The Board considers that it benefits from a range of highly experienced individuals, with sector specialist skills and personal qualities and capabilities that can deliver the strategy of the Company. It is satisfied that between its members it has an effective and appropriate balance of skills and knowledge including experience in the areas of technology, engineering, finance, international trading, innovation, sales and marketing.

 

The Executive and Non-Executive Directors’ skill sets are complementary, and together provide a blend of commercial, operational and financial expertise. The skill set is suitably broad and sufficiently high calibre such that all decision making at Board level is robust and mindful of the fiduciary responsibilities that need to be discharged to all shareholders. 

 

Each Board member takes responsibility for maintaining their individual skill set, which includes roles and experience with other boards and organisations. They are also aware of the importance of keeping informed of the various activities and developments in the markets in which they operate and attend conferences and training events throughout the year to keep their skills, contacts and knowledge current. Formal training requirements for all Board members are reviewed annually and arranged where appropriate.

Principle 7:
Evaluate Board performance based on clear and relevant objectives, seeking continuous improvement

Due to significant changes in the Board during the year (Chair, Chief Executive Officer and Audit Committee Chair) and to give the Board time to develop and allow new members the opportunity to settle in, the next formal Board evaluation will be completed during 2026.

Principle 8:
Promote a corporate culture that is based on ethical values and behaviours

The Board and senior management endeavour to lead by example and to demonstrate the Company values at all times.
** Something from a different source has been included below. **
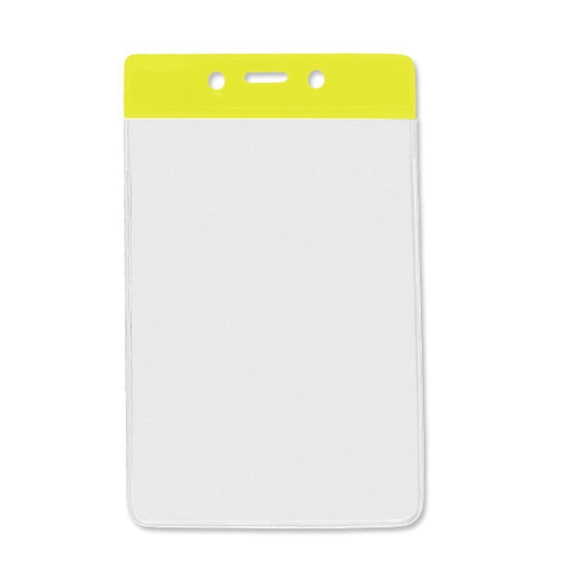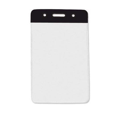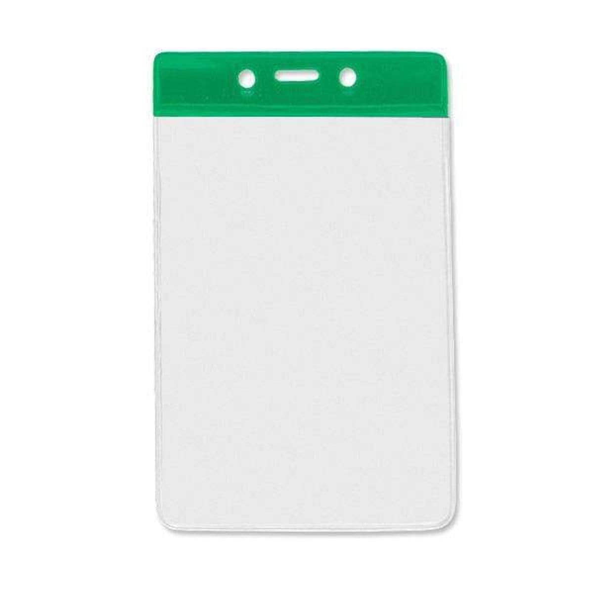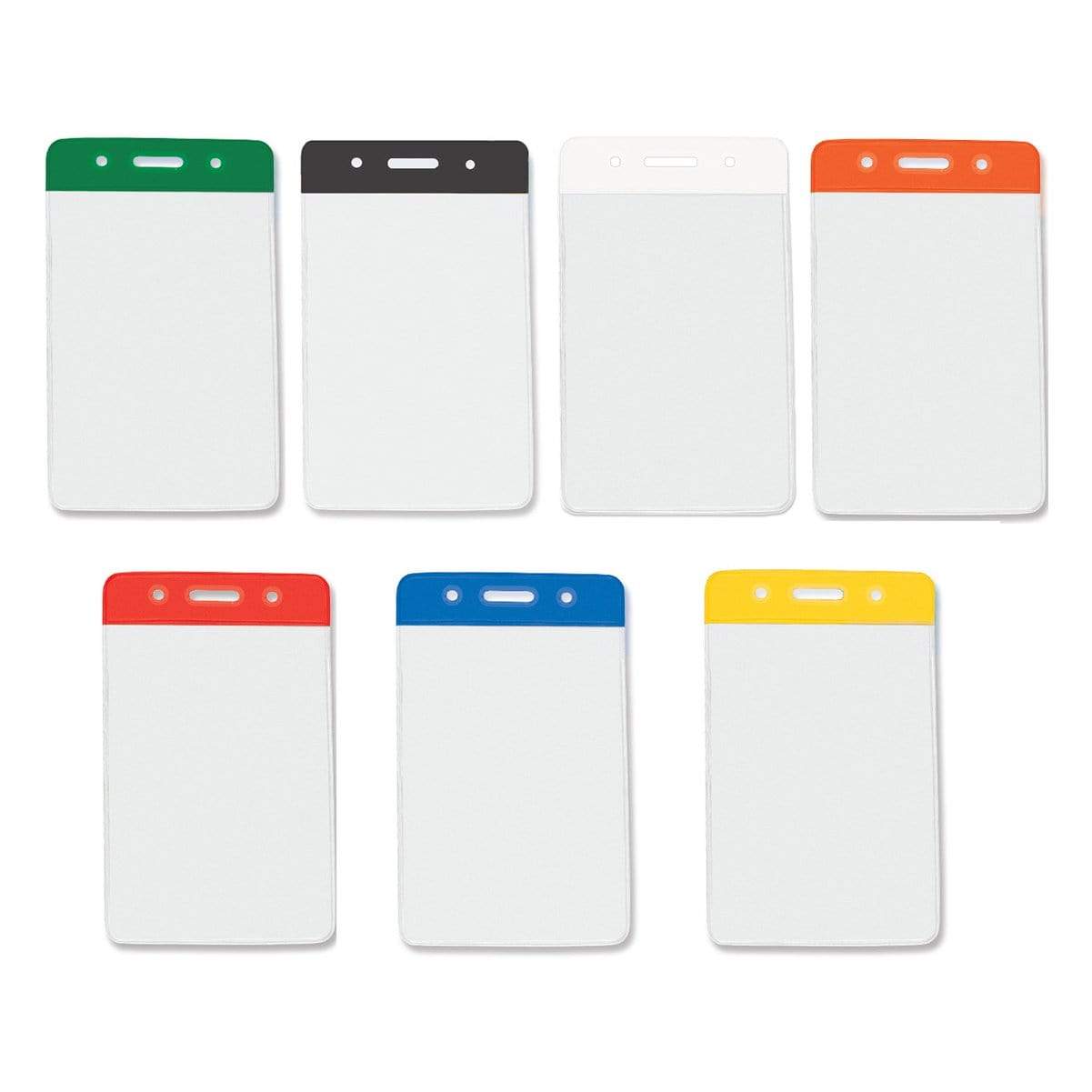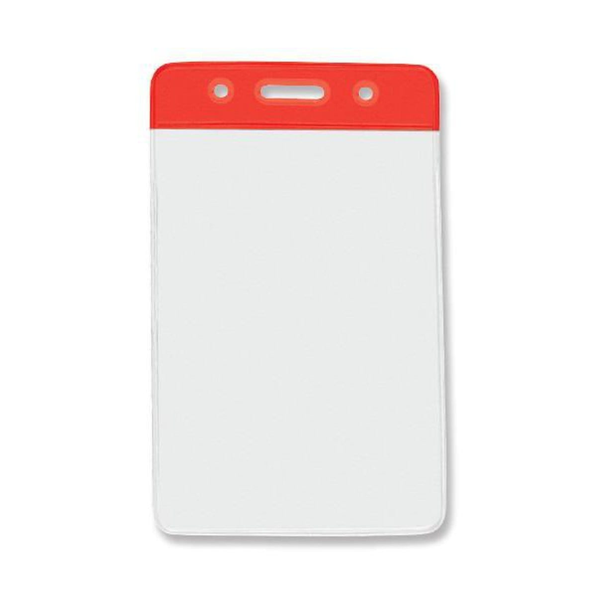 Color Coded vertical vinyl badge holders provides quick recognition of staff and associates in busy working environments. Load your credit card/drivers license sized ID card through the top of the holder, and it will vertically display your card in a clear vinyl holder that also protects your ID from dirt and grime. Afterwards, slide either a standard badge clip, neck chain, lanyard, or badge reel through the slot and chain holes on the color stripe for instant department, team, or clearance recognition.

The values underpin the Company’s strong ethical culture and influence decision-making and behaviours across the Group. Internal policies and practices support this, ensuring no one is discriminated against and that the values are upheld in everything we do. 

 

The Group’s Anti-Bribery and Corruption Policy is reviewed annually and communicated throughout the Group to prevent bribery from taking place. Any known non-compliance with the policy is reported to the Board as part of the Governance Report, with no reports received to date. 

 

The Company opposes modern slavery in all its forms and will try to prevent it by any means that it can. Anyone who has any suspicions of modern slavery within the business, or the supply chain is encouraged to raise their concerns without delay. The Group maintains relationships with many different organisations in its supply chain, as well as directly employing over 290 people worldwide. Each year the Board reviews internal measures to ensure the Group is doing what it can to prevent slavery and human trafficking. The Company’s modern slavery statement can be found here.  

Principle 9:
Maintain governance structures and processes that are fit for purpose and support good decision-making by the Board
The Board is satisfied that the governance arrangements for the business remain appropriate and that the delegations in place are effective and with strong oversight and controls. 

 

Principle 10:
Communicate how the company is governed and is performing by maintaining a dialogue with shareholders and other relevant stakeholders

As an AIM-quoted company, Synectics has additional obligations relating to seeking shareholder approval for certain decisions. Additionally, Synectics has an open dialogue with both its shareholder and stakeholder base, through the various events it holds during the year.

 

Synectics holds investor roadshows following publication of its annual and interim results, as well as an analyst presentation. Additionally, the Chair and Executive Directors hold informal meetings with shareholders who request such meetings and the outcomes of any discussion are reported to the Board as a whole.